Once you find the line below that has "5月23日-26日,第十四届", output it and every line after it exactly, stopping after the line that has "Anmite 11.6 인치", with no pictures.
——
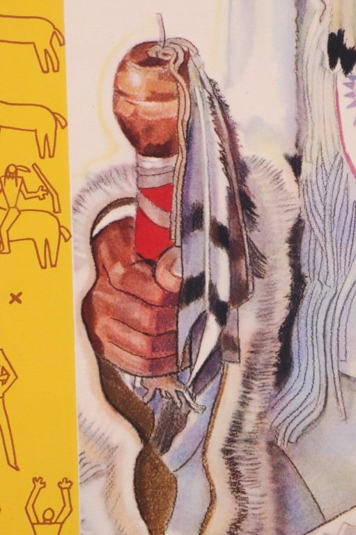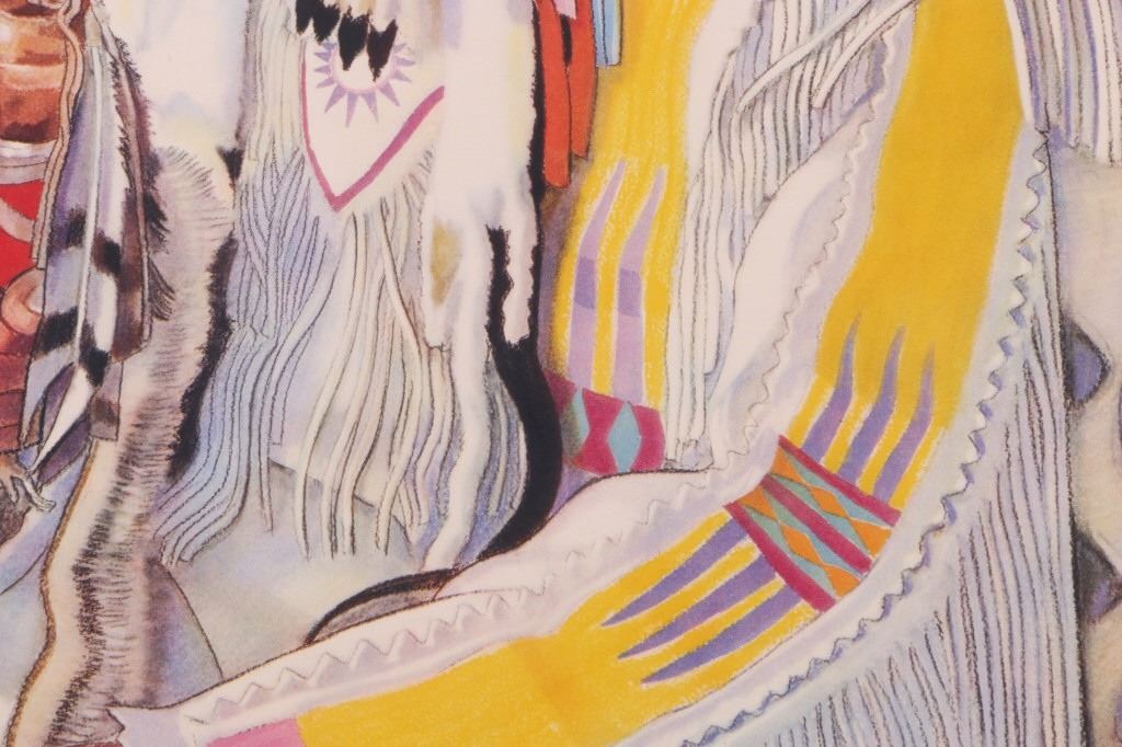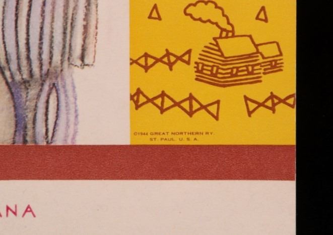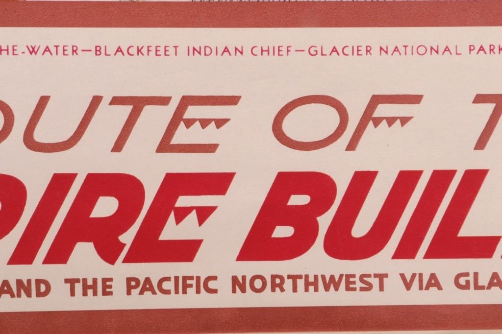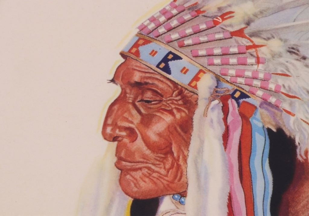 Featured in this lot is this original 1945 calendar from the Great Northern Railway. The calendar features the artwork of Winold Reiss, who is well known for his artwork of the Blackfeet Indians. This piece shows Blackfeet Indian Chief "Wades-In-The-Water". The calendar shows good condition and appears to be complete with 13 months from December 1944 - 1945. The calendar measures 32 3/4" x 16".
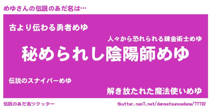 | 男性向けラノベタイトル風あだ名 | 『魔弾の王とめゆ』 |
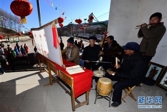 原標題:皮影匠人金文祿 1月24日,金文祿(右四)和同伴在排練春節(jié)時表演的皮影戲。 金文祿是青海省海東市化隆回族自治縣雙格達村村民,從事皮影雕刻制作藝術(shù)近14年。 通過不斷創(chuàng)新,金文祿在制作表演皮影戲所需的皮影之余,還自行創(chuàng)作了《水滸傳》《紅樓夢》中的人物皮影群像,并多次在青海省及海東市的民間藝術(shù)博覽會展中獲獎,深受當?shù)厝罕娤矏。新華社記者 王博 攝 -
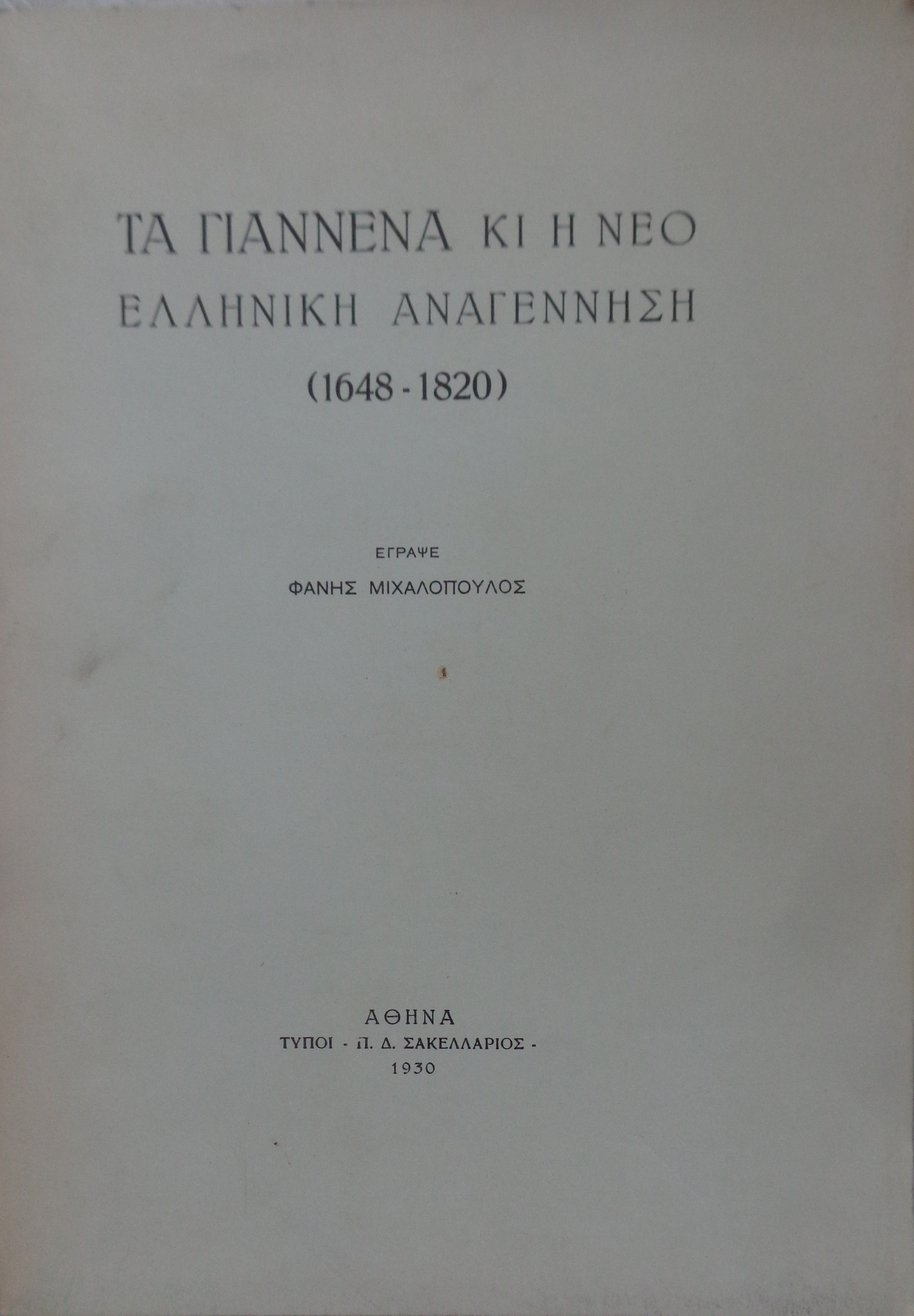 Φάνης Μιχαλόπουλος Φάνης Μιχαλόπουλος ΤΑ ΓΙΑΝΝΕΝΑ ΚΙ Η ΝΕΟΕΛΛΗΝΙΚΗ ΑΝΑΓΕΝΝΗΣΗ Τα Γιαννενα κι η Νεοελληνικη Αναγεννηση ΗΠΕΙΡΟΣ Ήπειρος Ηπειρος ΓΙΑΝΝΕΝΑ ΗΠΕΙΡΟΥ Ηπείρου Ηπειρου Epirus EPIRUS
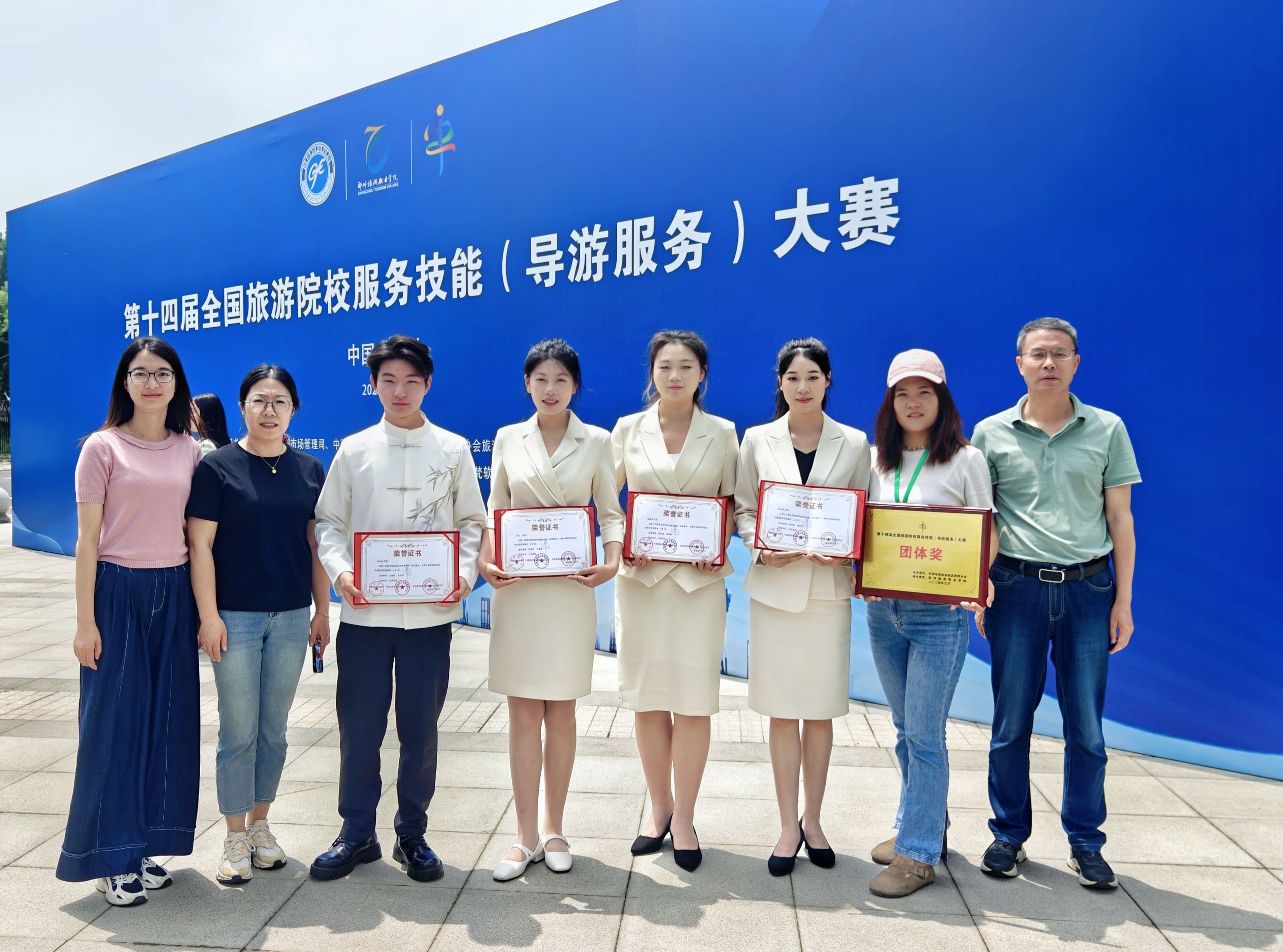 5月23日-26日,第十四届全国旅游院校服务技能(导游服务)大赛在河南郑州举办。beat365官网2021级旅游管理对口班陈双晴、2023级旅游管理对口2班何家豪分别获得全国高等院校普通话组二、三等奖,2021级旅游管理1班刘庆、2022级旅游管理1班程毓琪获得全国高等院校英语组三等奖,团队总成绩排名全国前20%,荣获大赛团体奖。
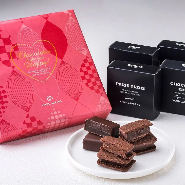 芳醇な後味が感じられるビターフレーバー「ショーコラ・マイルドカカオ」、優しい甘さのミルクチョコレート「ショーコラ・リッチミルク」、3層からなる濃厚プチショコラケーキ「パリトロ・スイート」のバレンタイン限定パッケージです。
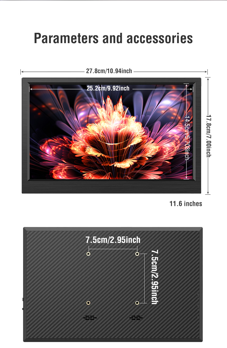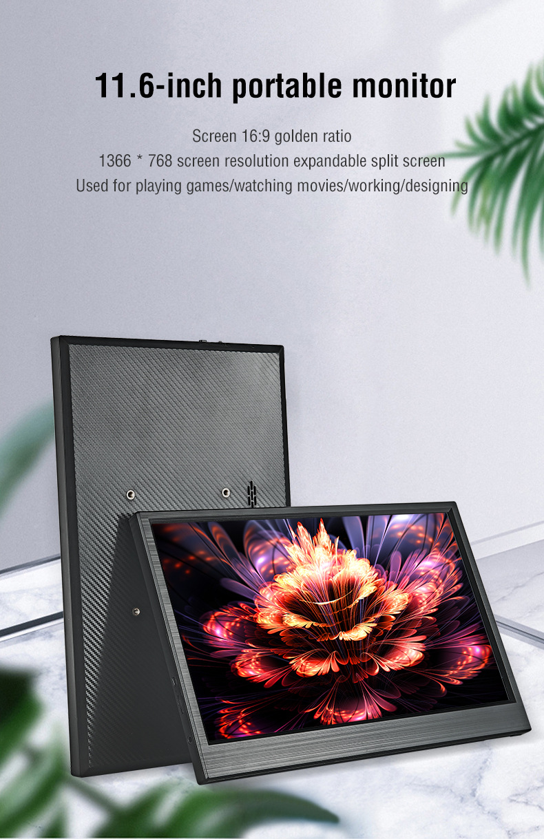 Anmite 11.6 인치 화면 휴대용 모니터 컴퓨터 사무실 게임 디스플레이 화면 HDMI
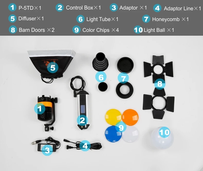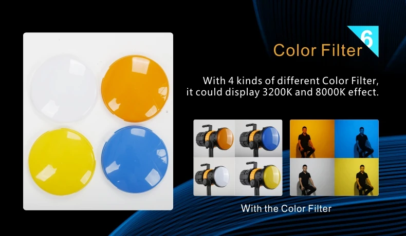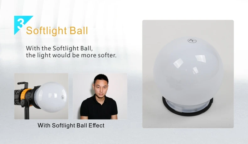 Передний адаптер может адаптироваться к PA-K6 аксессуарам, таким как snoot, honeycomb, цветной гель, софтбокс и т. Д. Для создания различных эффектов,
——
:: Task response ::
 5月23日-26日,第十四届全国旅游院校服务技能(导游服务)大赛在河南郑州举办。beat365官网2021级旅游管理对口班陈双晴、2023级旅游管理对口2班何家豪分别获得全国高等院校普通话组二、三等奖,2021级旅游管理1班刘庆、2022级旅游管理1班程毓琪获得全国高等院校英语组三等奖,团队总成绩排名全国前20%,荣获大赛团体奖。
 芳醇な後味が感じられるビターフレーバー「ショーコラ・マイルドカカオ」、優しい甘さのミルクチョコレート「ショーコラ・リッチミルク」、3層からなる濃厚プチショコラケーキ「パリトロ・スイート」のバレンタイン限定パッケージです。
 Anmite 11.6 인치 화면 휴대용 모니터 컴퓨터 사무실 게임 디스플레이 화면 HDMI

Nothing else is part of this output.